The path of a rocket is given by the equation s(t)=64t - 16t^2, where t is time and s is height.?What is the maximum height the rocket will reach? In how much time will the rocket hit the ground?
S(t) = 64t - 16t^2
To calculate the maximum point , we need to determine the first derivative's zeros
S'(t) =64 - 32t = 0
==> 32(2- t) = 0
==> t = 2
Then the rockect reach maximum heigth when t = 2
S(2) = 64*2 - 16(2^2)
= 128 - 64 = 64
Then the maximum height is S = 64
Now the time needed for the rocket to touch the ground is when the height S = 0
==> S = 64t - 16t^2 = 0
==> 16t(4- t) = 0
==> t1 = 0
==> t2= 4
t1 = 0 is the time when the rockect starts from the ground.
t2= 4 is the time when the rocket hit the ground.
The height s is given by the function:
f(s) = 64t - 16t^2
Where: t = time
The height will be maximum at a point where:
f'(s) = 0
We find the corresponding value of t value as follows.

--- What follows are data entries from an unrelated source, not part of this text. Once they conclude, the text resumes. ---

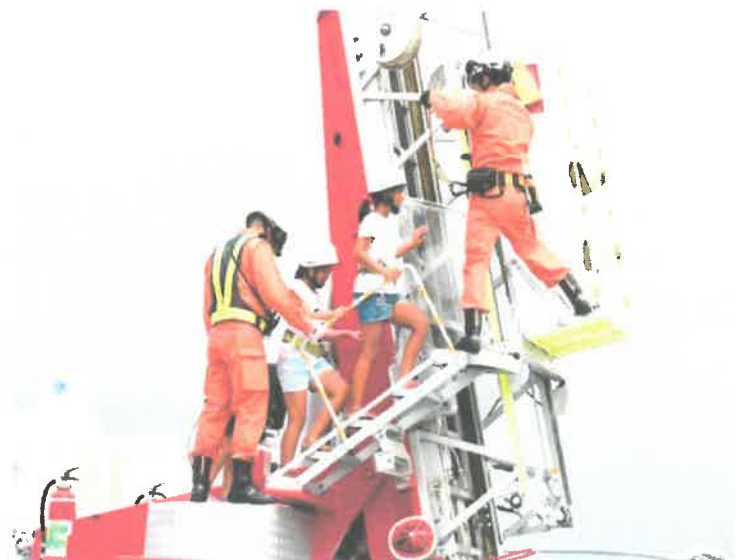
はしご車搭乗体験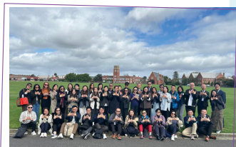
澳洲正向教育考察：GGS 學校留影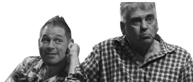
VVK 18 €, Online Ticketkauf, AK 20 €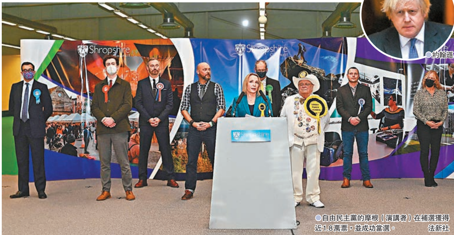
●自由民主黨的摩根(演講者)在補選獲得近1.8萬票，並成功當選。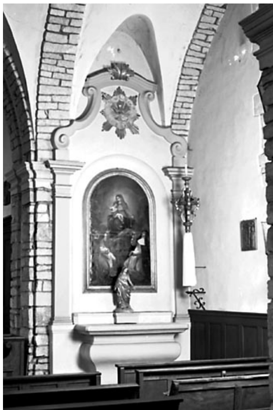
Autel-retable droit : vue d'ensemble.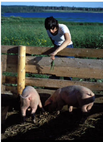
Jean-Marie Dubois, © Le Québec en images, CCDMD

f'(s) = 64 - 2*16t = 64 - 32t
Equating f('s) to 0
64 - 32t = 0
==> -32t = - 64
==> t = -64/-32 = 2
we get the maximum height by substituting this value of t in equation of height:
Maximum height = f(2) = 64*2 - 16*(2^2) = 128 - 64 = 64
When the rocket hits the ground s = 0
Therefor to find the time when the rocket hits the ground we equate the equation for height to 0.
s = 64 t - 16 t^2 = 0
==> 16t(4 - t) = 0
t = 0 and t = 4
t = 0 represents the time when the rocket is fired from ground level, and t = 4 represents the time when the rocket again falls to the ground level
Maximum height of rocket = 64 units
Time taken to hit the ground = 4 units
The path function is s(t) = 64t-16t^2, t is time and s (t) is the height at any time t.
s(t) = 64t-16t^2
s(t) = - ( -2*8*4t+16t^2)
s(t) = 8^2- (8^2-2*8*4t+4t^2)
s(t) = 8^2-(8-4t)^2 which which could be greatest = 64 when 8=4t, as (8-4t)^2 being a square is always positive and least for 8-4t = 0. Or t = 8/4 = 2seconds.
So greatest heiht of the rocket is s(2) = 64*2-14*2^2 = 128-64= 64 at time t = 2.